Thursday, March 27, 2014
CNN: Appeals court upholds challenged parts of Texas abortion law, by Greg Botelho:
A federal appeals court on Thursday upheld parts of a Texas abortion law pertaining to hospital privileges for physicians who perform abortions and protocols for abortion-inducing drugs, a decision that drew starkly contrasting reactions on both sides of the debate.
A U.S. district court previously struck down those provisions in the Texas law, which were challenged in court by lawyers for Planned Parenthood. But the 5th Circuit Appeals Court later issued a stay of that decision "pending appeal," meaning it would not go into effect.
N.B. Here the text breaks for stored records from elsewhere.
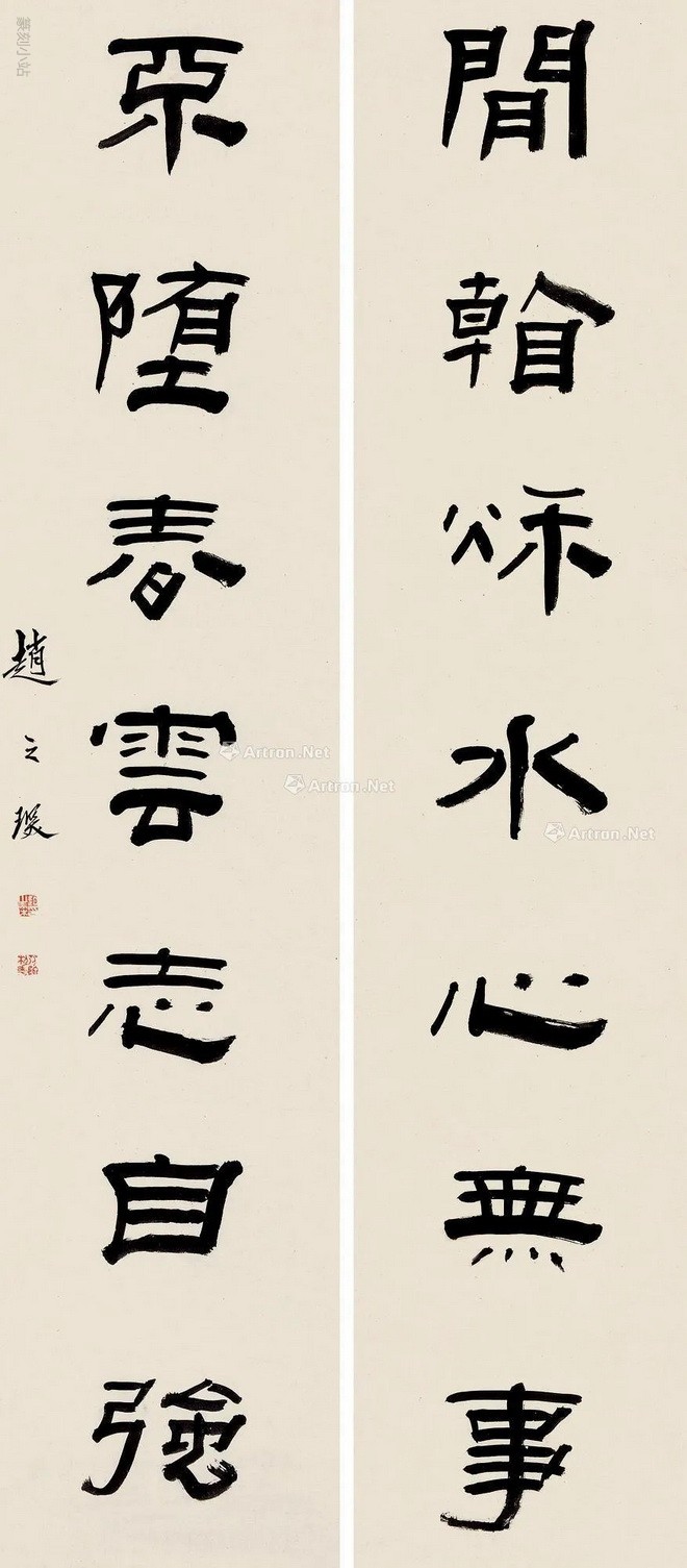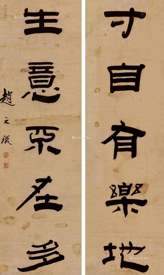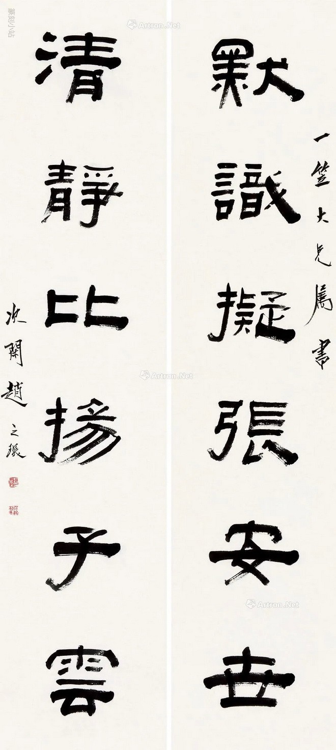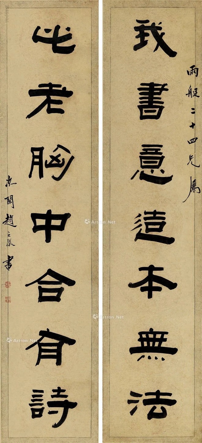 0728 赵之琛 隶书五言联 (二件) 立轴
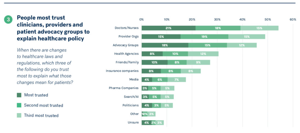 Americans’ rank doctors and nurses above all health care industry stakeholder personae and organizations, shown in the green bar chart — by far, it’s clinicians in the U.S. whom people – patients, consumers, caregivers — trust, above health agencies, friends and family, insurance companies, media, pharma, and to be sure, politicians who rank lowest on this list of trusted healthcare stewards in America.
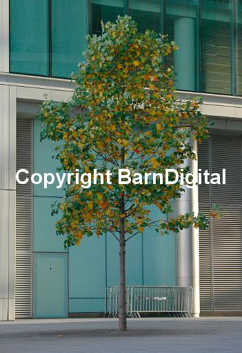 A small plane tree with autumn leaves grows in a paved area between office blocks. South Bank of the River Thames at Lambeth. London, UK. 16 November 2005.
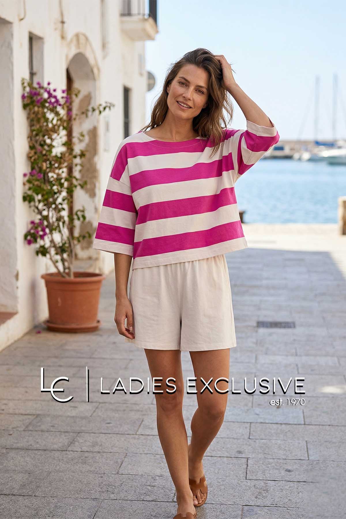 FRANSA Μπλούζα ριγέ φούξια με λευκό με μανίκι 3/4 και μεγάλο χαμόγελο.
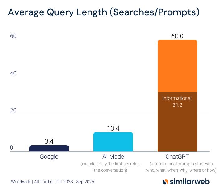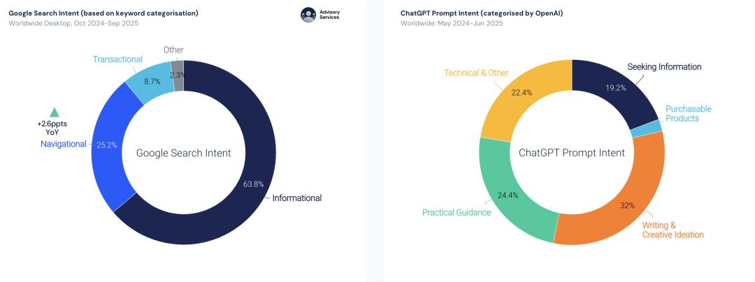 值得注意的是,「导航型搜索」即通过搜索跳转到特定网站,几乎不存在于ChatGPT中,而在谷歌上却呈上升趋势。此外,在「交易型意图」方面(例如寻找可购买商品),谷歌的占比为
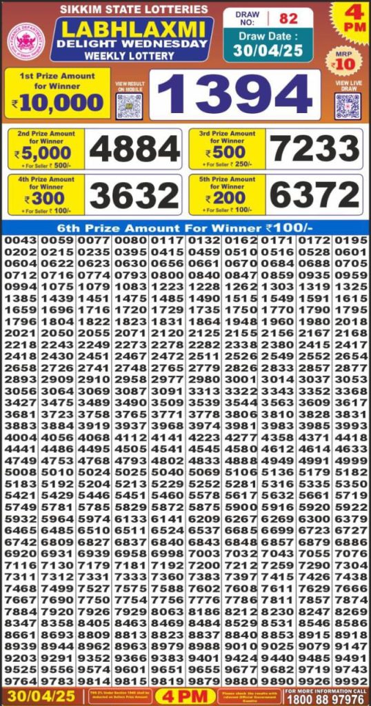 Labh Laxmi delight wednesday weekly lottery 4 pm result 30-4-25
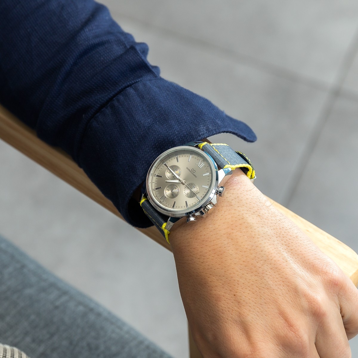– Cadran : métal orné de trois cadrans factices pour un effet chrono
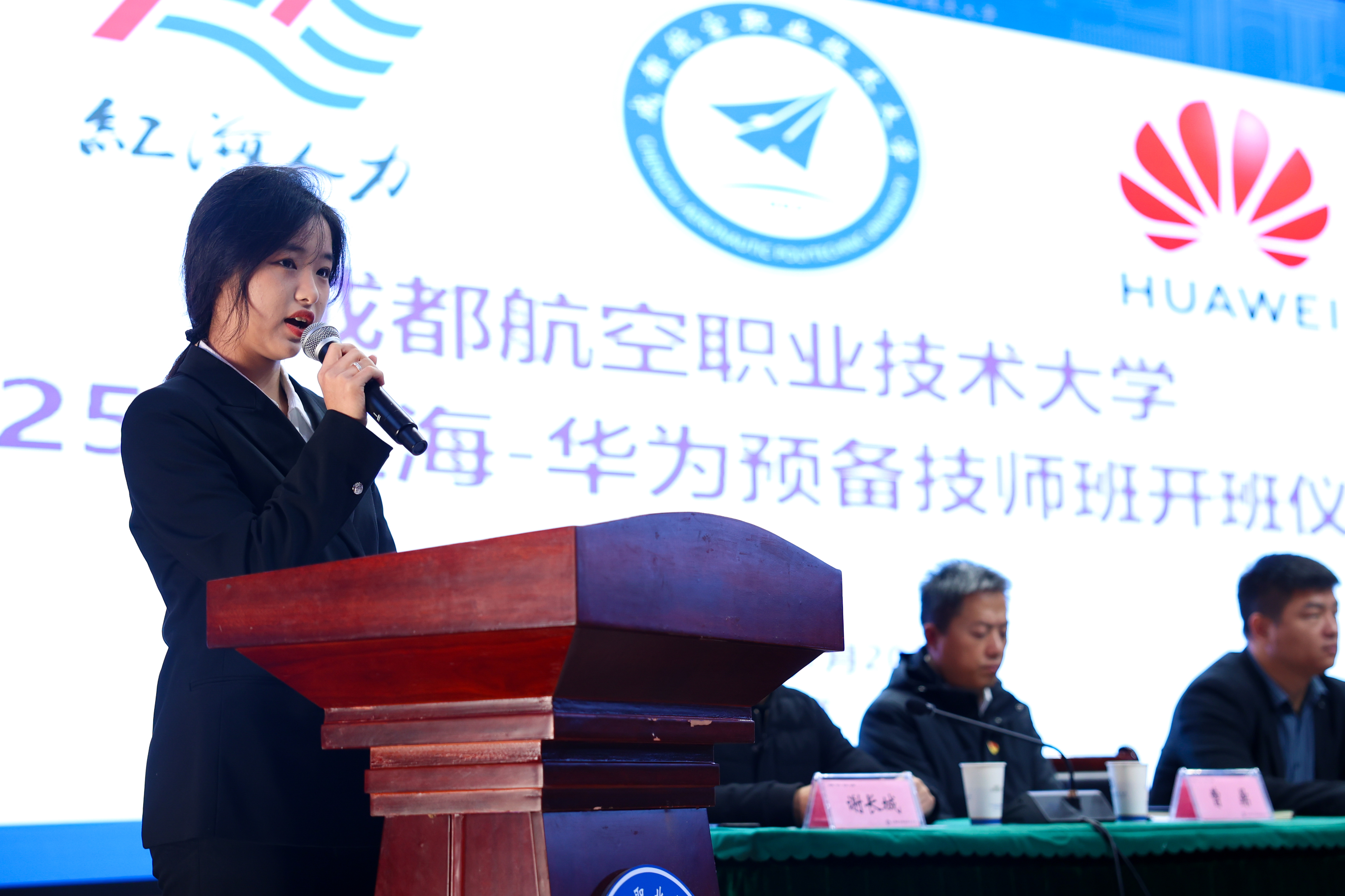 2025年11月20日,成都航空职业技术大学在图书馆明德报告厅举行了2025级红海-华为预备技师班开班仪式。副校长许丽佳、华为机器有限公司无线制造管理部HRBP夏部长、深圳红海人力资源有限公司副总经理黄嘉敏等领导出席活动,电子工程学院与机器人学院2025级共计151名订单班学员参加了仪式。仪式由学校招就处(校企合作办)就业工作负责人谢长城主持。

The U.S. Supreme Court also weighed in, with a majority refusing to stop the law's implementation. . . .
Bloomberg: Texas Abortion Doctor Restriction Upheld by Appeals Court, by Margaret Cronin Fisk & Laurel Brubaker Calkins:
Texas can require abortion doctors to affiliate with local hospitals, although it can’t enforce the ban while doctors apply for those rights, an appeals court said, overturning a federal judge’s finding that the measure places an unconstitutional burden on women seeking to end pregnancies. . . .
“It is not the courts’ duty to second guess legislative fact-finding, ‘improve’ on, or ‘cleanse’ the legislative process by allowing relitigation of the facts that led to the passage of a law,” U.S. Circuit Judge Edith H. Jones wrote in a 34-page opinion stating the lower-court judge used the wrong legal standard in evaluating the restrictions. “Courts must presume that the law in question is valid” as long as it serves a “legitimate” state goal. . . .
The opinion is available here. I recently wrote a short piece for the Harvard Law Review Forum discussing recent litigation on admitting privileges laws, including the Fifth Circuit case, and its significance in fleshing out the meaning of the undue burden standard. It is available here.